TrigReason: Trigger-Based Collaboration between Small and Large Reasoning Models

TrigReason proposes an event-triggered collaboration framework between small and large reasoning models. By analyzing three types of reasoning risks in small models (path deviation, cognitive overload, and recovery failure), it designs strategic priming, cognitive offload, and intervention request triggers to replace step-by-step polling verification. While maintaining LRM-level accuracy, it offloads 1.70-4.79x more reasoning steps to the small model, reducing latency by 43.9% and API costs by 73.3%.

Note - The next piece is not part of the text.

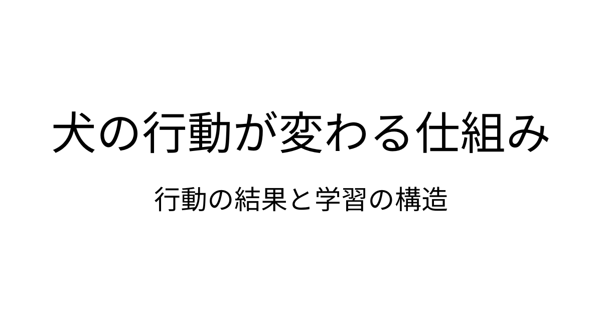 行動の背景となる学習の構造については、犬の行動が変わる仕組み:行動の結果と学習の構造 にまとめています。

Understanding and Mitigating Spurious Signal Amplification in Test-Time Reinforcement Learning for Math Reasoning

This paper systematically analyzes the sources and amplification mechanisms of spurious signals in Test-Time Reinforcement Learning (TTRL). It identifies that the ambiguous regions formed by mid-frequency answers are the primary noise sources, and that group-relative normalization in GRPO amplifies these spurious signals. The proposed DDRL framework mitigates these issues through a three-pronged approach: balanced sampling, fixed advantage values, and consensus-based offline refinement, achieving a 15.3% relative improvement on Qwen2.5-Math-1.5B.

When Is Thinking Enough? Early Exit via Sufficiency Assessment for Efficient Reasoning

Ours proposes the DTSR framework, which identifies "reflection signals" (e.g., Wait, Alternatively) within the reasoning process and triggers a self-assessment of "thought sufficiency" to determine early termination. It achieves a 28.9%–34.9% reduction in reasoning length on Qwen3 series models with negligible accuracy loss.

Which Reasoning Trajectories Teach Students to Reason Better? A Simple Metric of Informative Alignment

The authors propose the Rank-Surprisal Ratio (RSR) metric, which evaluates training data suitability by jointly measuring the "informativeness" and "alignment" of reasoning trajectories for a student model. RSR achieves an average Spearman correlation of 0.86 with post-training performance across 5 student and 11 teacher model combinations, and it is successfully applied to trajectory and teacher selection.